=== Records supplied ===

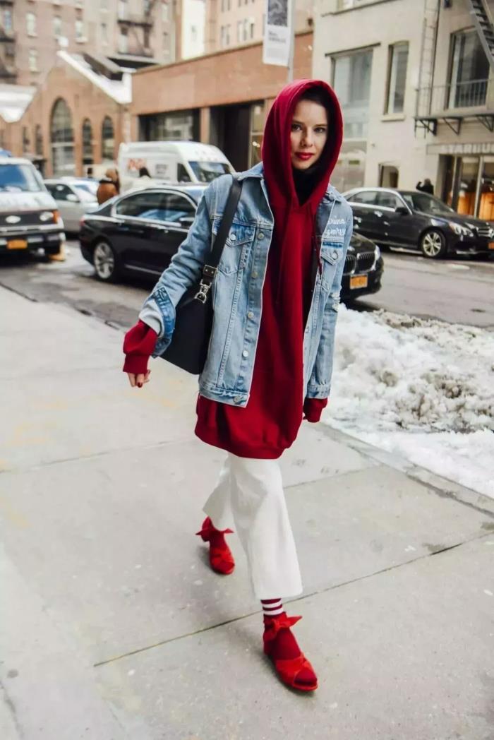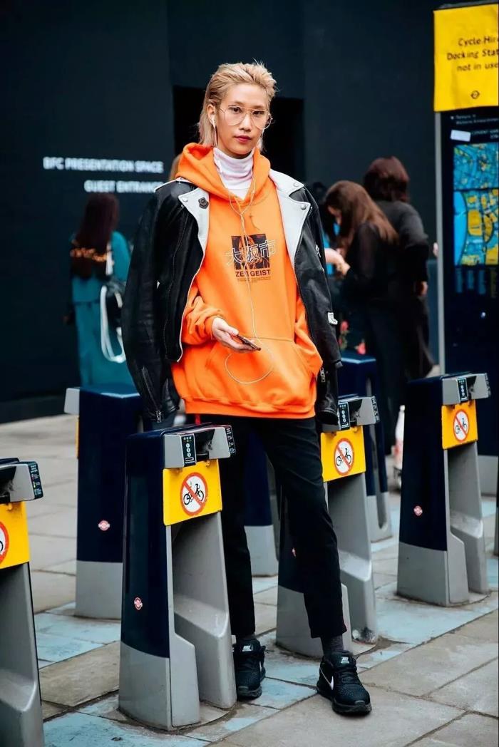 而如果不喜欢大面积的橘色,可以用橘色作为内搭,比如搭配在卫衣上,明显相得益彰。宽大的卫衣很自然地放大了橘色的温暖,并且领口微开,类似V领的设计既修饰了脸型,又营造了活泼俏皮的风格。这种搭配就很适合需要展示年轻活力元素的女生了。而选用橘色搭配白色,黑色,都是极为吸引人的存在了。而橘色卫衣外搭黑色外套,有一种低调的温暖,连肤色也在不自觉间明亮了很多。
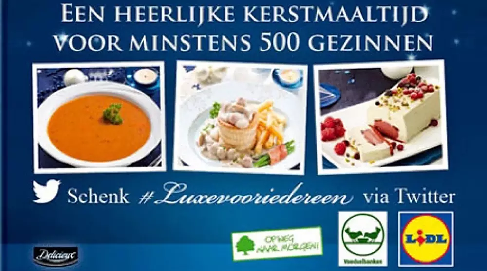 10 декабря компания заявила, что подарит пользователям Twitter по пять рождественских обедов из четырех блюд - томатного супа, курицы с жареной картошкой, пирога и конфет. Для этого надо было опубликовать твит с хештегом #luxevooriedereen. Изначально Lidl рассчитывали, что подарят около тысячи обедов стоимостью 4 евро каждый.
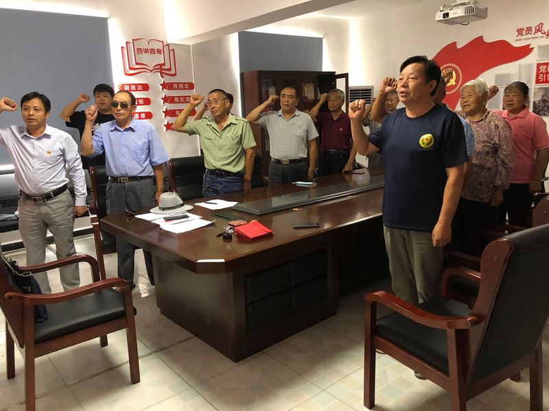 活动中,党员们站在鲜红的党旗下,举起右手、握紧拳头,重温入党誓词。支部书记向党员们赠送了政治生日贺卡并激励支部退休党员“离岗不离党,退休不褪色”,继续保持老骥伏枥、老当益壮的健康心态和进取精神,一如既往地关心、支持、参与三河事业发展。随后,老党员们用诚挚的感情、朴实的语言分享了自己的入党初心和对农场发展的建议。
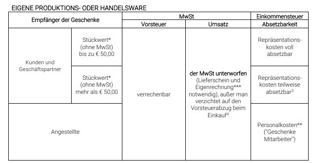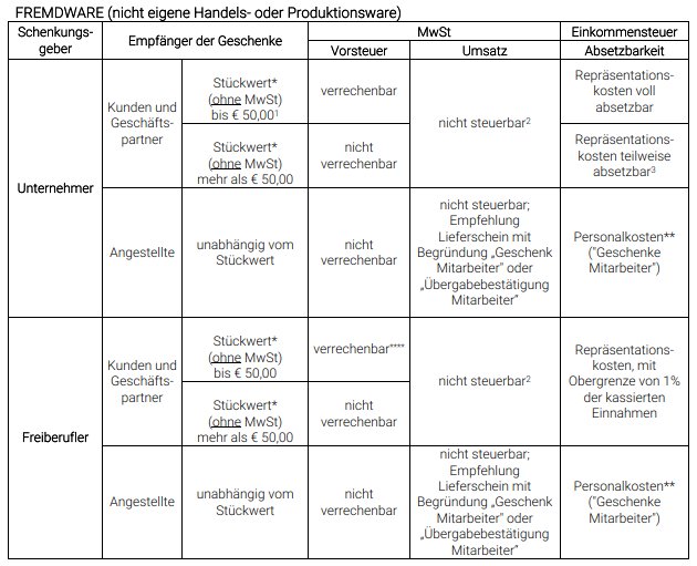 **** gemäß einer wörtlichen und sehr vorsichtigen Auslegung des Art. 2, Abs. 2 Ziffer 4, VPR 633/1972 gilt der MwSt-Abzug für Geschenke an Kunden/Geschäftspartner mit Wert bis zu € 50,00 nur für Unternehmer und nicht für Freiberufler – das Gesetz spricht hier ausschließlich von „… attività propria dell’impresa…“. Demnach dürften Freiberufler die MwSt auch für den Ankauf von Geschenken im Wert von bis zu € 50,00 nicht in Abzug bringen bzw. müssten eine Eigenrechnung ausstellen, sofern sie die MwSt beim Ankauf in Abzug bringen. In der Fachdoktrin wird jedoch mehrheitlich die Auffassung vertreten, dass die Bestimmung der Unternehmen auch für die Freiberufler anwendbar ist.
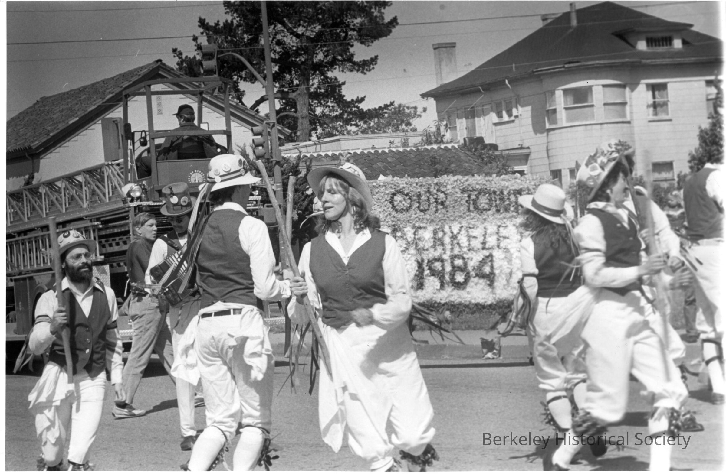 Morris Dancers; sign behind them "Our Town Berkeley 1984" Locvation undertain.Other Names and Numbers
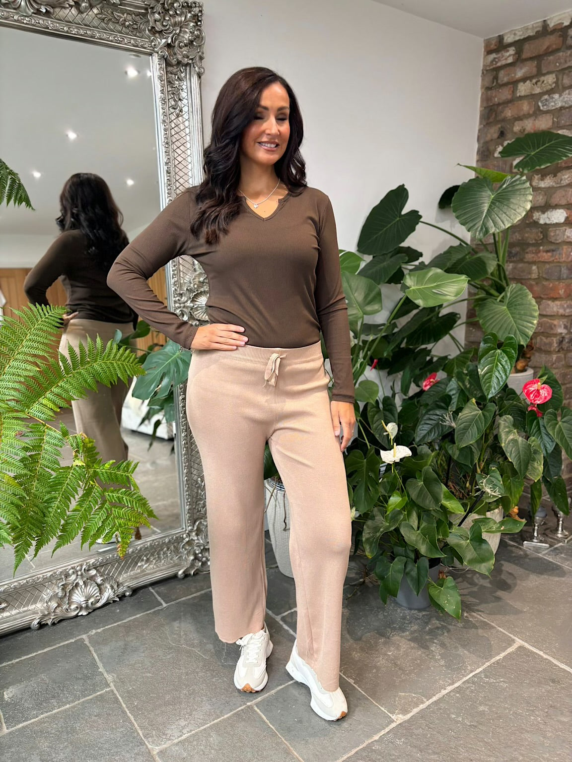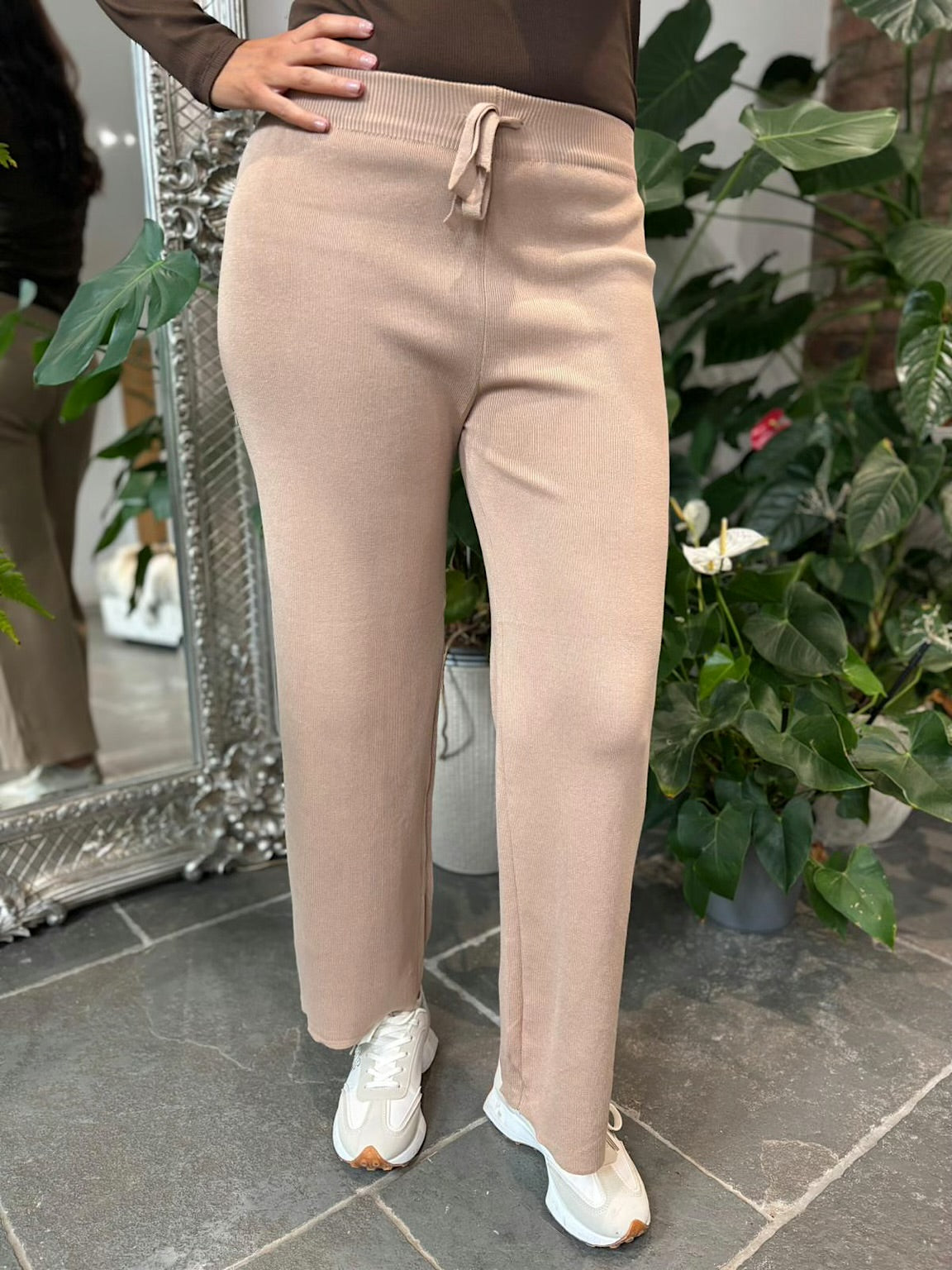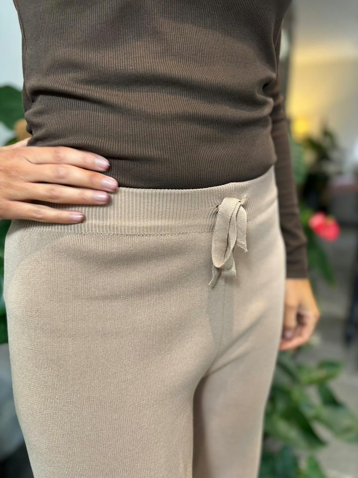 Elevate your wardrobe with the Knitted Trousers Chloe, designed for effortless sophistication. These wide-leg trousers feature a soft knitted fabric, an elasticated waist for comfortable wear, and a decorative tie front that adds a refined finish.
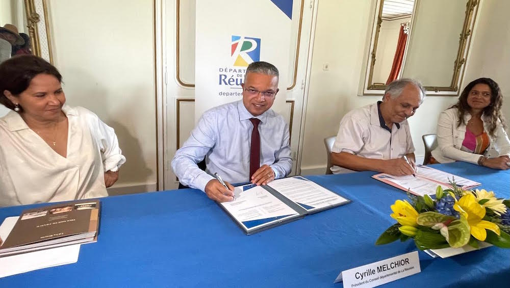 Ce mardi matin, 13 décembre 2022, Cyrille Melchior président du Département et Axel Gauvin, président de l’Office de la Langue (Lofis la lang) ont signé la Charte de la collectivité bilingue créole réunionnais-français en présence d’Isabelle Erudel, conseillère départementale du Port qui a porté ce projet, de Catherine Chane-Kune, directrice du service « Culture et sports » et de nombreuses autres personnes.L’occasion aussi bien pour Cyrille Melchior, que pour Axel Gauvin et Isabelle Erudel d’insister sur « la complémentarité » des deux langues, à savoir le créole réunionnais, notre langue maternelle et le français.
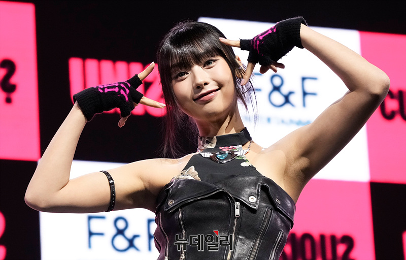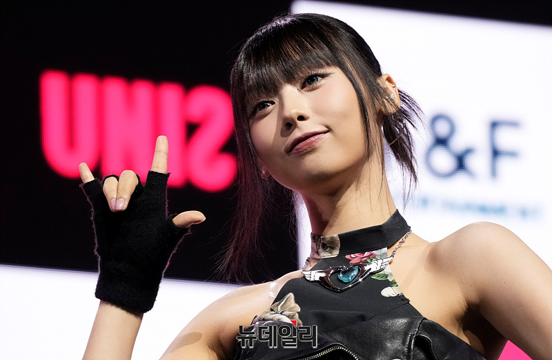 걸그룹 유니스(UNIS) 진현주가 6일 오후 서울 광진구 예스24 라이브홀에서 열린 싱글 1집 '큐리어스(CURIOUS)' 발매 기념 쇼케이스에서 포즈를 취하고 있다.
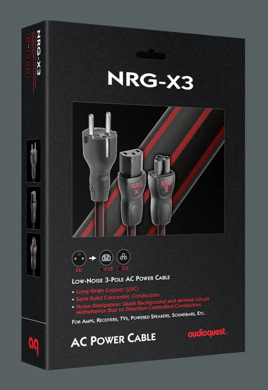 Το AudioQuest NRG-X3 είναι ένα προσεκτικά σχεδιασμένο καλώδιο τροφοδοσίας που ενσωματώνει βασικές αρχές της AudioQuest για να παρέχει καθαρότερη ενέργεια στις ηλεκτρονικές σας συσκευές:
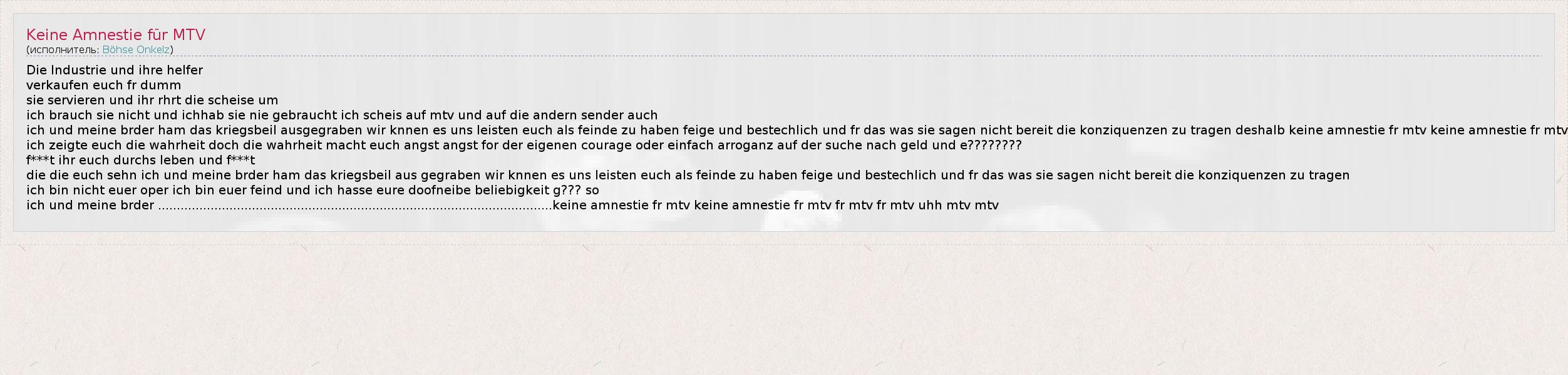 Die Industrie und ihre helfer verkaufen euch fr dumm sie servieren und ihr rhrt die scheise um ich brauch sie nicht und ichhab sie nie gebraucht ich scheis auf mtv und auf die andern sender auch ich und meine brder ham das kriegsbeil ausgegraben wir knnen es uns leisten euch als feinde zu haben feige und bestechlich und fr das was sie sagen nicht bereit die konziquenzen zu tragen deshalb keine amnestie fr mtv keine amnestie fr mtv ich zeigte euch die wahrheit doch die wahrheit macht euch angst angst for der eigenen courage oder einfach arroganz auf der suche nach geld und e???????? f***t ihr euch durchs leben und f***t die die euch sehn ich und meine brder ham das kriegsbeil aus gegraben wir knnen es uns leisten euch als feinde zu haben feige und bestechlich und fr das was sie sagen nicht bereit die konziquenzen zu tragen ich bin nicht euer oper ich bin euer feind und ich hasse eure doofneibe beliebigkeit g??? so ich und meine brder .........................................................................................................keine amnestie fr mtv keine amnestie fr mtv fr mtv fr mtv uhh mtv mtv

===

» Required work
Retype the data above verbatim, minus images.

» Solution
 而如果不喜欢大面积的橘色,可以用橘色作为内搭,比如搭配在卫衣上,明显相得益彰。宽大的卫衣很自然地放大了橘色的温暖,并且领口微开,类似V领的设计既修饰了脸型,又营造了活泼俏皮的风格。这种搭配就很适合需要展示年轻活力元素的女生了。而选用橘色搭配白色,黑色,都是极为吸引人的存在了。而橘色卫衣外搭黑色外套,有一种低调的温暖,连肤色也在不自觉间明亮了很多。
 10 декабря компания заявила, что подарит пользователям Twitter по пять рождественских обедов из четырех блюд - томатного супа, курицы с жареной картошкой, пирога и конфет. Для этого надо было опубликовать твит с хештегом #luxevooriedereen. Изначально Lidl рассчитывали, что подарят около тысячи обедов стоимостью 4 евро каждый.
 活动中,党员们站在鲜红的党旗下,举起右手、握紧拳头,重温入党誓词。支部书记向党员们赠送了政治生日贺卡并激励支部退休党员“离岗不离党,退休不褪色”,继续保持老骥伏枥、老当益壮的健康心态和进取精神,一如既往地关心、支持、参与三河事业发展。随后,老党员们用诚挚的感情、朴实的语言分享了自己的入党初心和对农场发展的建议。
 **** gemäß einer wörtlichen und sehr vorsichtigen Auslegung des Art. 2, Abs. 2 Ziffer 4, VPR 633/1972 gilt der MwSt-Abzug für Geschenke an Kunden/Geschäftspartner mit Wert bis zu € 50,00 nur für Unternehmer und nicht für Freiberufler – das Gesetz spricht hier ausschließlich von „… attività propria dell’impresa…“. Demnach dürften Freiberufler die MwSt auch für den Ankauf von Geschenken im Wert von bis zu € 50,00 nicht in Abzug bringen bzw. müssten eine Eigenrechnung ausstellen, sofern sie die MwSt beim Ankauf in Abzug bringen. In der Fachdoktrin wird jedoch mehrheitlich die Auffassung vertreten, dass die Bestimmung der Unternehmen auch für die Freiberufler anwendbar ist.
 Morris Dancers; sign behind them "Our Town Berkeley 1984" Locvation undertain.Other Names and Numbers
 Elevate your wardrobe with the Knitted Trousers Chloe, designed for effortless sophistication. These wide-leg trousers feature a soft knitted fabric, an elasticated waist for comfortable wear, and a decorative tie front that adds a refined finish.
 Ce mardi matin, 13 décembre 2022, Cyrille Melchior président du Département et Axel Gauvin, président de l’Office de la Langue (Lofis la lang) ont signé la Charte de la collectivité bilingue créole réunionnais-français en présence d’Isabelle Erudel, conseillère départementale du Port qui a porté ce projet, de Catherine Chane-Kune, directrice du service « Culture et sports » et de nombreuses autres personnes.L’occasion aussi bien pour Cyrille Melchior, que pour Axel Gauvin et Isabelle Erudel d’insister sur « la complémentarité » des deux langues, à savoir le créole réunionnais, notre langue maternelle et le français.
 걸그룹 유니스(UNIS) 진현주가 6일 오후 서울 광진구 예스24 라이브홀에서 열린 싱글 1집 '큐리어스(CURIOUS)' 발매 기념 쇼케이스에서 포즈를 취하고 있다.
 Το AudioQuest NRG-X3 είναι ένα προσεκτικά σχεδιασμένο καλώδιο τροφοδοσίας που ενσωματώνει βασικές αρχές της AudioQuest για να παρέχει καθαρότερη ενέργεια στις ηλεκτρονικές σας συσκευές:
 Die Industrie und ihre helfer verkaufen euch fr dumm sie servieren und ihr rhrt die scheise um ich brauch sie nicht und ichhab sie nie gebraucht ich scheis auf mtv und auf die andern sender auch ich und meine brder ham das kriegsbeil ausgegraben wir knnen es uns leisten euch als feinde zu haben feige und bestechlich und fr das was sie sagen nicht bereit die konziquenzen zu tragen deshalb keine amnestie fr mtv keine amnestie fr mtv ich zeigte euch die wahrheit doch die wahrheit macht euch angst angst for der eigenen courage oder einfach arroganz auf der suche nach geld und e???????? f***t ihr euch durchs leben und f***t die die euch sehn ich und meine brder ham das kriegsbeil aus gegraben wir knnen es uns leisten euch als feinde zu haben feige und bestechlich und fr das was sie sagen nicht bereit die konziquenzen zu tragen ich bin nicht euer oper ich bin euer feind und ich hasse eure doofneibe beliebigkeit g??? so ich und meine brder .........................................................................................................keine amnestie fr mtv keine amnestie fr mtv fr mtv fr mtv uhh mtv mtv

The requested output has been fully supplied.